____ MATERIAL TO PROCESS

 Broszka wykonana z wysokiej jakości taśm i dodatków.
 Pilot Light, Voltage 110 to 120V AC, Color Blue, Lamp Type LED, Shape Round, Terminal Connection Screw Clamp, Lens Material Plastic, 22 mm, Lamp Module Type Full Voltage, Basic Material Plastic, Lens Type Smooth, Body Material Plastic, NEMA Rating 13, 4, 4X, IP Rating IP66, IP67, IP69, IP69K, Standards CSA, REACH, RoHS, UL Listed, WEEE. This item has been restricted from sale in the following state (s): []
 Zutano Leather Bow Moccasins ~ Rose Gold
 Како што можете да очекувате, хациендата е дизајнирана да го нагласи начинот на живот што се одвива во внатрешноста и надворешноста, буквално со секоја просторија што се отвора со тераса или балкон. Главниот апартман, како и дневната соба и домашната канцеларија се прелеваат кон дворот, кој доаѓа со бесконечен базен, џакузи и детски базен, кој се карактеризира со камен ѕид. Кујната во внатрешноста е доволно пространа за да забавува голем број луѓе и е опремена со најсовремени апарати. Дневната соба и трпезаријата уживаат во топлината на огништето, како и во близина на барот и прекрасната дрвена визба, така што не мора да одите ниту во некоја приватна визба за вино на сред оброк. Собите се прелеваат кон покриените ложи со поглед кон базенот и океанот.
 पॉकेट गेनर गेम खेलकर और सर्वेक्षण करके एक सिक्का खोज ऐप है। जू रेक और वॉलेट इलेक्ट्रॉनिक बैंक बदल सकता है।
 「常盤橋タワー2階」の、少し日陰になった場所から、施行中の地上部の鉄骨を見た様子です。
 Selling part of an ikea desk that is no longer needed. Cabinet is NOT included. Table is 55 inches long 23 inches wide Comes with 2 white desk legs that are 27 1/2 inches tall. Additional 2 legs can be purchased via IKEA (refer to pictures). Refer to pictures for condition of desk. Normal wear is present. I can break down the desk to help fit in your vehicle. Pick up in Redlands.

________

• [INSTRUCTIONS TO FOLLOW] Reproduce the listing above verbatim.

• [RESPONSE FOR THIS EXERCISE]
 Broszka wykonana z wysokiej jakości taśm i dodatków.
 Pilot Light, Voltage 110 to 120V AC, Color Blue, Lamp Type LED, Shape Round, Terminal Connection Screw Clamp, Lens Material Plastic, 22 mm, Lamp Module Type Full Voltage, Basic Material Plastic, Lens Type Smooth, Body Material Plastic, NEMA Rating 13, 4, 4X, IP Rating IP66, IP67, IP69, IP69K, Standards CSA, REACH, RoHS, UL Listed, WEEE. This item has been restricted from sale in the following state (s): []
 Zutano Leather Bow Moccasins ~ Rose Gold
 Како што можете да очекувате, хациендата е дизајнирана да го нагласи начинот на живот што се одвива во внатрешноста и надворешноста, буквално со секоја просторија што се отвора со тераса или балкон. Главниот апартман, како и дневната соба и домашната канцеларија се прелеваат кон дворот, кој доаѓа со бесконечен базен, џакузи и детски базен, кој се карактеризира со камен ѕид. Кујната во внатрешноста е доволно пространа за да забавува голем број луѓе и е опремена со најсовремени апарати. Дневната соба и трпезаријата уживаат во топлината на огништето, како и во близина на барот и прекрасната дрвена визба, така што не мора да одите ниту во некоја приватна визба за вино на сред оброк. Собите се прелеваат кон покриените ложи со поглед кон базенот и океанот.
 पॉकेट गेनर गेम खेलकर और सर्वेक्षण करके एक सिक्का खोज ऐप है। जू रेक और वॉलेट इलेक्ट्रॉनिक बैंक बदल सकता है।
 「常盤橋タワー2階」の、少し日陰になった場所から、施行中の地上部の鉄骨を見た様子です。
 Selling part of an ikea desk that is no longer needed. Cabinet is NOT included. Table is 55 inches long 23 inches wide Comes with 2 white desk legs that are 27 1/2 inches tall. Additional 2 legs can be purchased via IKEA (refer to pictures). Refer to pictures for condition of desk. Normal wear is present. I can break down the desk to help fit in your vehicle. Pick up in Redlands.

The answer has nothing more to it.